TASK GOAL ▸
Copy, pictures aside: the lines below from the one that holds "Designed from scratch" through the final line of the listing, both ends included, exactly as they are and nothing else.

RECORDED DATA ▸
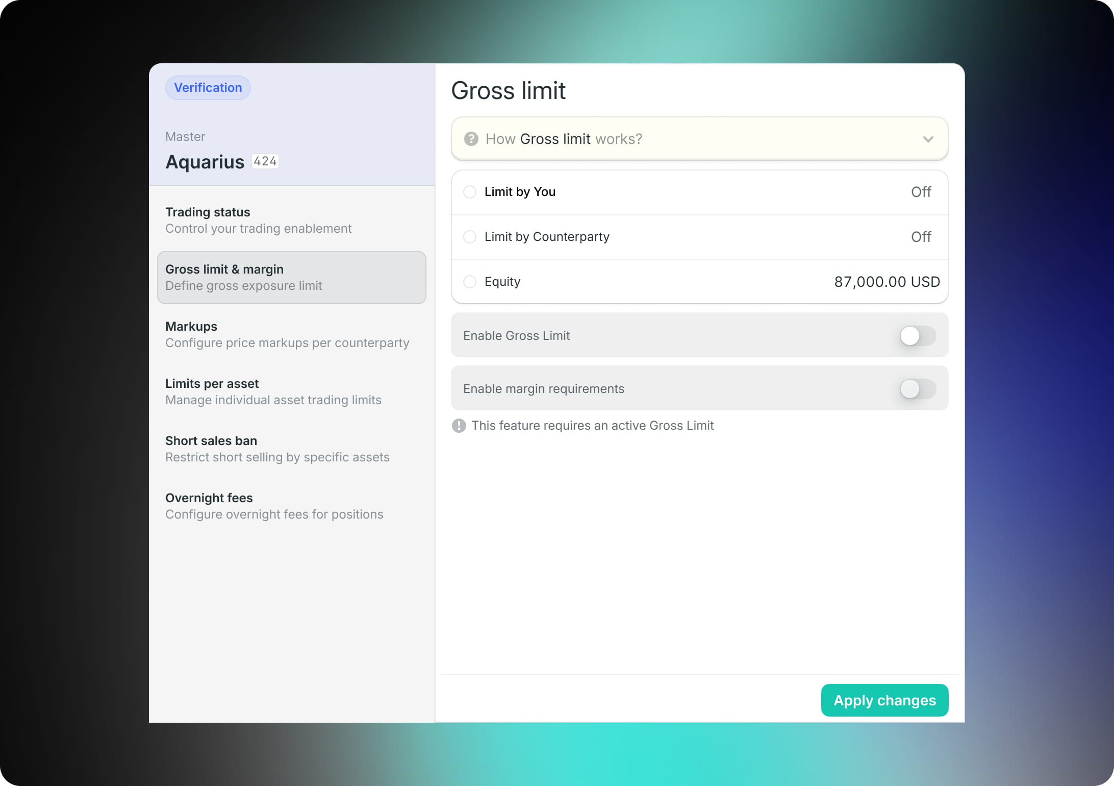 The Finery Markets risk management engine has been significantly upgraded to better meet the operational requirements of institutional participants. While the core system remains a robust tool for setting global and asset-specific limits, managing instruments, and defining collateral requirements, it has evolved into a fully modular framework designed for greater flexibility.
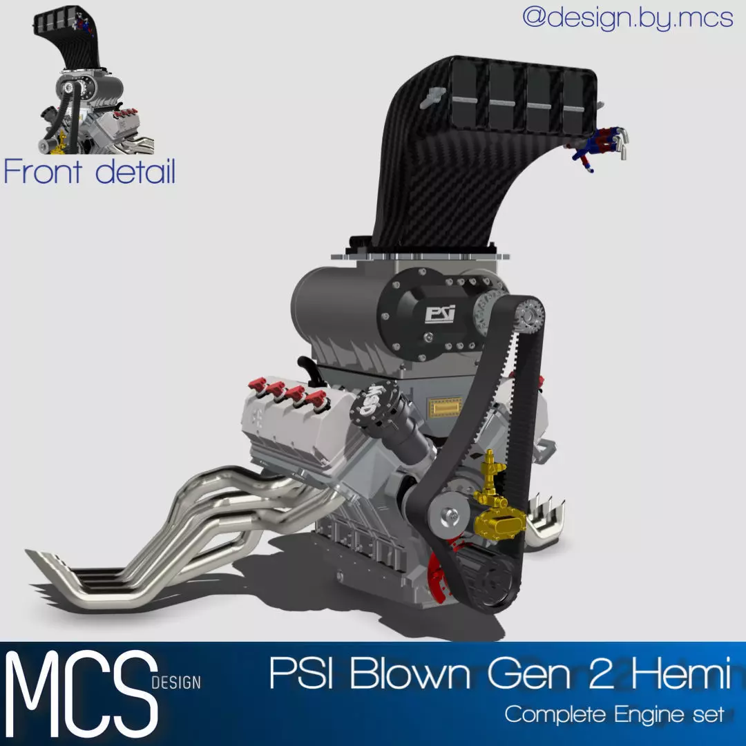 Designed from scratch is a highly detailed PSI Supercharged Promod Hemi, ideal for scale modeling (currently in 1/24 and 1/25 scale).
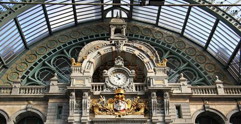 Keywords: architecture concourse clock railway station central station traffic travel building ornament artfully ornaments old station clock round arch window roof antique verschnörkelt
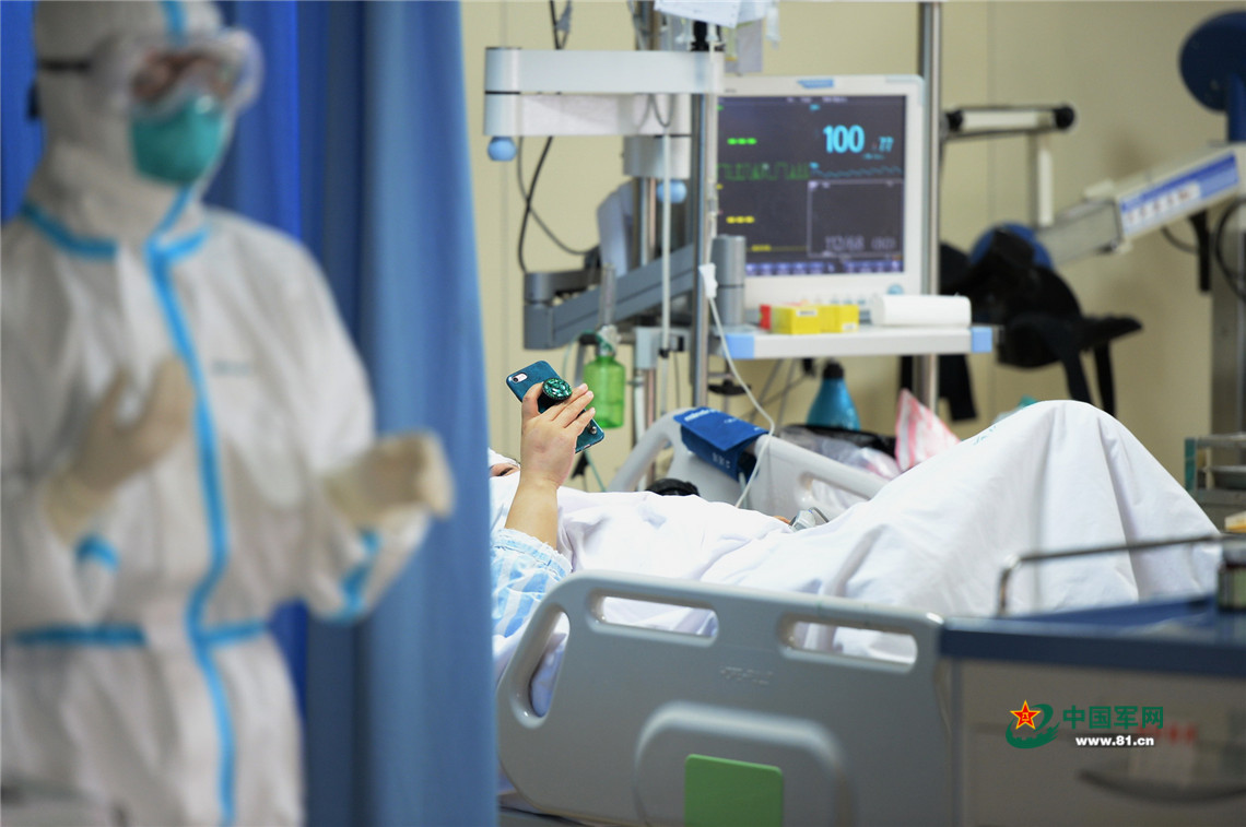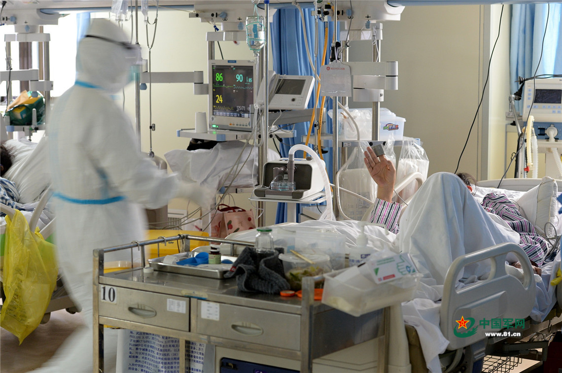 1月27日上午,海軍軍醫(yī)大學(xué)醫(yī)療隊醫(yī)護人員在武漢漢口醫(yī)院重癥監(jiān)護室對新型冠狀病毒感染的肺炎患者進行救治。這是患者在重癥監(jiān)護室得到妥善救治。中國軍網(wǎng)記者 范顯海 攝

COMPLETED EXERCISE ▸
 Designed from scratch is a highly detailed PSI Supercharged Promod Hemi, ideal for scale modeling (currently in 1/24 and 1/25 scale).
 Keywords: architecture concourse clock railway station central station traffic travel building ornament artfully ornaments old station clock round arch window roof antique verschnörkelt
 1月27日上午,海軍軍醫(yī)大學(xué)醫(yī)療隊醫(yī)護人員在武漢漢口醫(yī)院重癥監(jiān)護室對新型冠狀病毒感染的肺炎患者進行救治。這是患者在重癥監(jiān)護室得到妥善救治。中國軍網(wǎng)記者 范顯海 攝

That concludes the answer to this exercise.